Young’s fascinated with a lot of other things, too — the environment, alternative fuels, classic cars, the model trains his kid loved. But unlike the people blasting him, he’s done more than talk about them. When he was worried the toy train company his kid liked might go under, he bought it to make sure it didn't. He loves classic cars but doesn’t like what they do to the environment, so he fitted them for electric power. He thought digital music standards were crap so he made his own. And he keeps producing what once upon a time were called protest songs, including a whole album that’s basically a fuck you to Monsanto, whether the market wants them or not.
What the people who think he’s just some old fart don’t allow themselves to get is that Neil Young has always been crazier than they’ll ever be. He doesn’t care what you think. He does what he feels like doing — country, electronic, blues, le noise. You know David Geffen sued him for not repeating his own music formula, right? What makes you think you’re more radical than that?

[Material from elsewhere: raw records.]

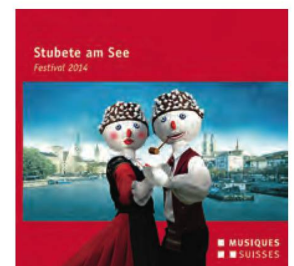
Stubete am See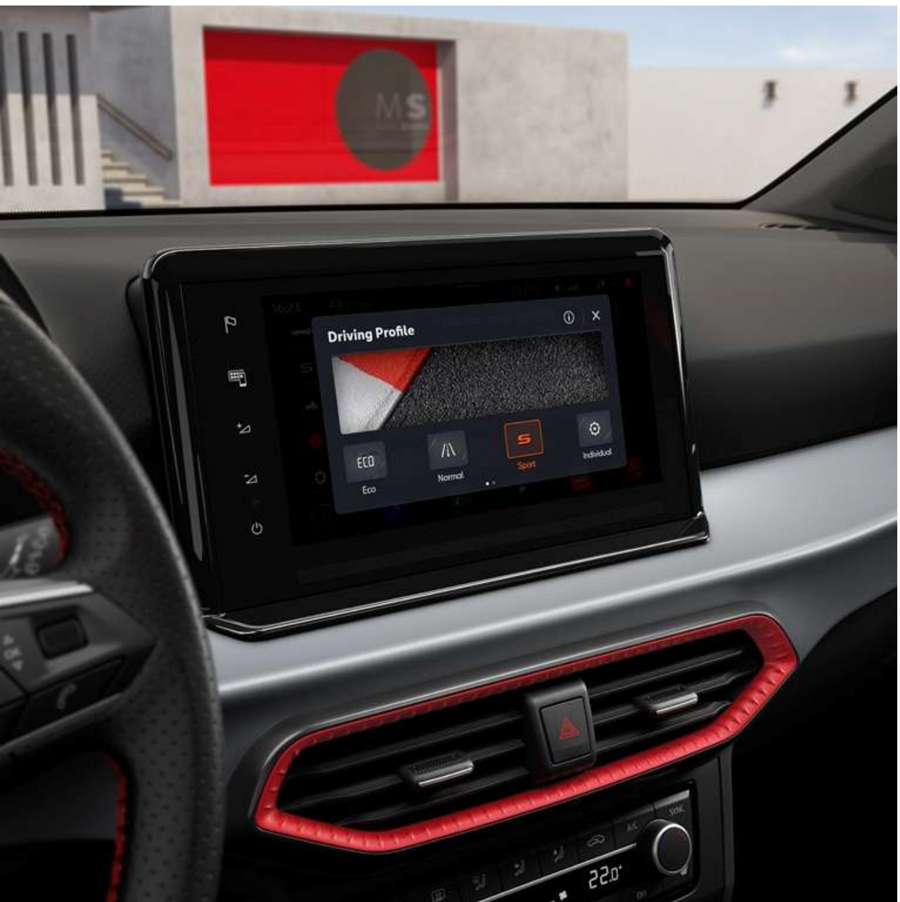
◀ SEAT Drive Profile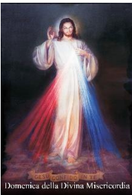
Domenica della Divina Misericordia

La domenica della Divina Misericordia richiama e celebra l'amore di Dio per l'umanità, un dono immenso rispetto al quale gli uomini sono chiamati a rinnovare la propria vita alla luce del Vangelo. La Chiesa non si stanca di annunciare questo mistero. Soprattutto nel tempo in cui ci troviamo, segnato da grandi preoccupazioni e precarietà, diventa oltremodo importante seguire il Maestro nelle piccole e grandi scelte di ogni giorno. Maria, Madre di Misericordia, interceda per noi.

So here he is, 77 years old, telling Spotify to get fucked. Good. Which reminds me of a more fruitful subject: Last month Young put out an album, Barn, with Crazy Horse, his “garage band” that’s as idiosyncratic as he is. Sometimes there’s a dynamic shift in their playing that sounds at first like they’re being sloppy, but then it turns out to be exactly in the pocket. They’re the polar opposite of a click track.
One of the album’s themes is age, understandably, but another is legacy, and what will be in the world when you’re not. Young sounds at the beginning, in the mellow, accordion-salted “Song of the Seasons,” like some codger they hauled out of the woods for a Folkways Records project to preserve the demotic music of some isolated community (Laurel Canyon?). “Looking through a wavy glass window,” he strains, “In this old place by the lake…” Later he mirrors that, speaking from an airplane: “Looking through this clear vinyl window/ At the city and its lights…” As a lyricist the old boy doesn’t miss a trick.
His voice bucks up considerably on the more up-tempo tunes. He’s still protesting, but having been at it a long time he seems to weigh the hope and the hopelessness together: “Change ain't never gonna come/They sang that togеther and they rose as onе.” And: “The human race is on/We're all lined up at the starting gun/The crowd is rising to its feet.” He also has a love life, and I like to think “The Shape of You” is his answer to the old girl’s doubts about her figure: “It's just that I'm still dreaming/ And my dreams all have/ The shape of you.”
The one that grabbed me, though, is “They Might Be Lost.” It’s as simple as a blues. The singer is worried about some boys coming with a truck “to come get the goods… I wonder if they might be lost.” He frets about it, idly but persistently. They say they’re coming but he can’t see them. (One imagines this happening at the Colorado hilltop studio where it was recorded.) There’s a lot of harmonica on the song, very breathy and wet; the lead playing, such as it is, is acoustic and half lost in the rhythm. In his waiting the singer thinks about the old days, and says:
Well, the jury is out on the old days, you know
The judgement is soon comin’ down
I can't quite remember what it was that I knew
Even before we were born people were making songs like this, where in the middle of what seems like nothing sorrow, doubt and fear rush in like a cold wind. And this is his 41st studio album. Politics is always trauma, but when it comes to the arts anyone open to receive it can have treasure.